得我者可得天下(45)

2026-06-25

  他是真的有些困了,眼皮时而轻轻耷拉一下,间隙打一个小小的哈欠,伴随着一个迷惑的眼神,像是不明白执剑人怎么还不过来伺候。

  傅寒灯却久久未动。

  他刚从遗匠盟万千修士的目光里走出来,又自满桌热腾腾的饭菜之中缓过神,到此刻才忽然发现,真正难捱的不是那些重舟压阵,也不是天榜显影,而是眼前这一池热雾,和雾里那个理所当然把他留下来的人。

  兰摧玉开始皱眉,眼底也逐渐涌起不耐。

  傅寒灯终于朝前走了一步,身体却又克制地收了半寸。

  他嘴唇微启,一口微凉的空气吸入肺腑,又几息后,才保持着安稳的脚步朝着兰摧玉走去。

  红衣轻褪。

  傅寒灯低着睫毛,鼻尖又嗅到了淡淡冷香,还有独属于他灵血的气息。

  他是他的……一个诡异无比的念头从心中浮出来,他抖了几下睫毛,一边扶着他在池边坐下,一边又取出发簪将那长发盘起。

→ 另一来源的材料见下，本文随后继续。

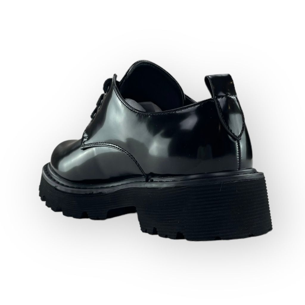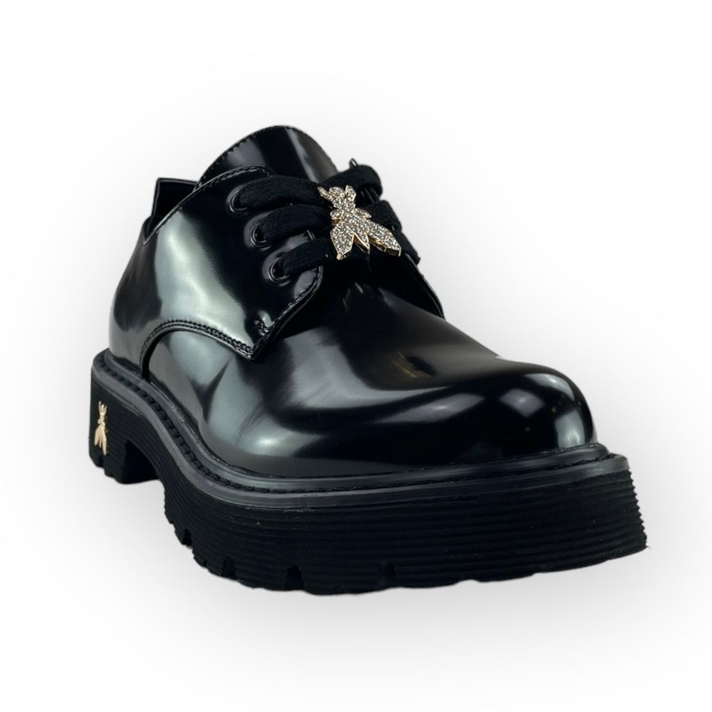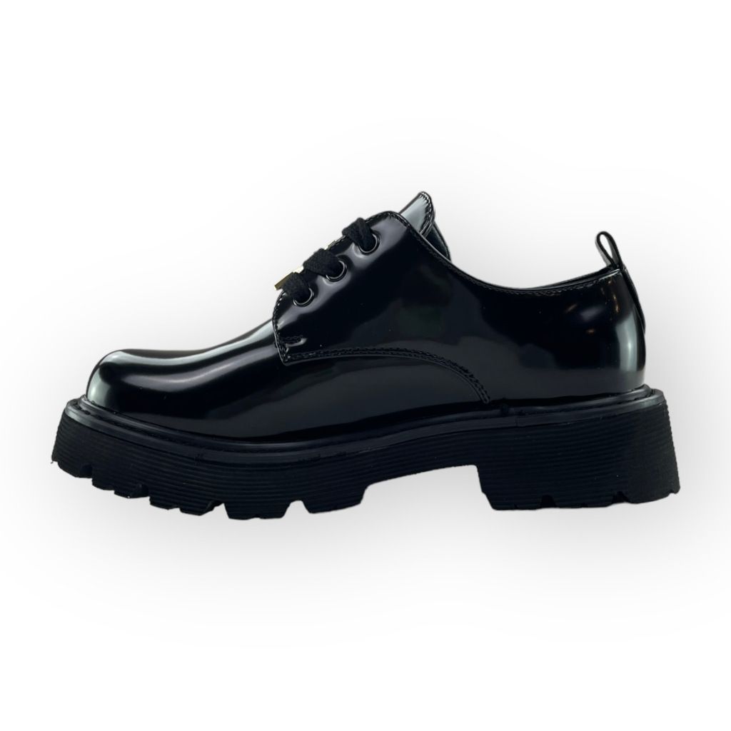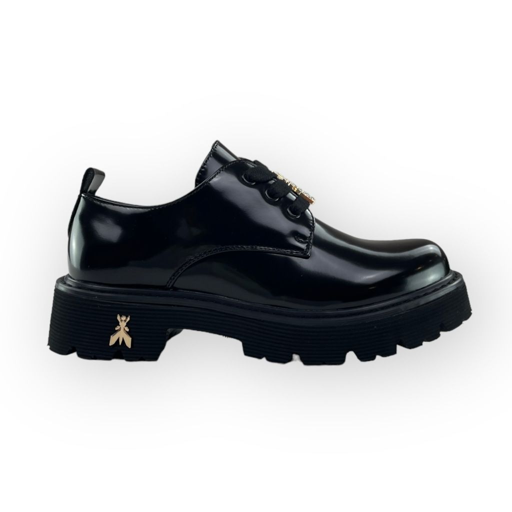 Scarpa nera lucida con lacci della linea Patrizia Pepe.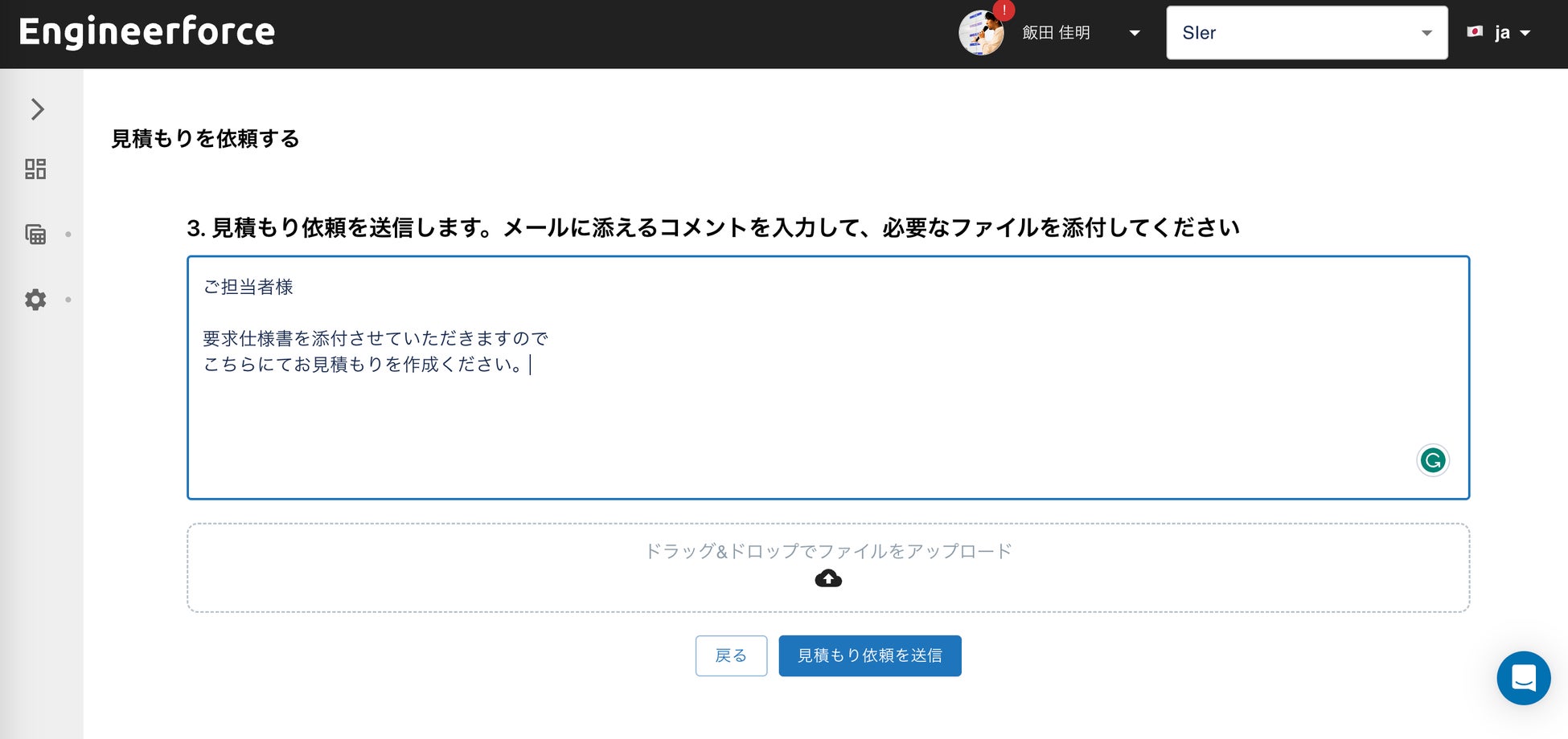 各ベンダーに対して見積もり依頼を実施することが出来るようになりました。

  乌发一收,原本藏在发间的后颈便露了出来,颈线往下没入肩背之间,两侧肩胛微微起着,像雾里将展未展的蝶翼。

  傅寒灯睫毛依旧在闪,理智告诉他不该再看,可目光却像是被什么牢牢钉住一般,迟迟无法收回。

  兰摧玉忽然晃了晃脑袋,确认了头上的发簪很稳,便自己朝着水中一扑,水波荡漾,他很快游到了对面,靠在一片落雪的矮松间,如山间精灵一般朝他看。

  脸庞被热气蒸得朦朦胧胧,傅寒灯几乎要看不清楚,却仍然不受控制地在盯。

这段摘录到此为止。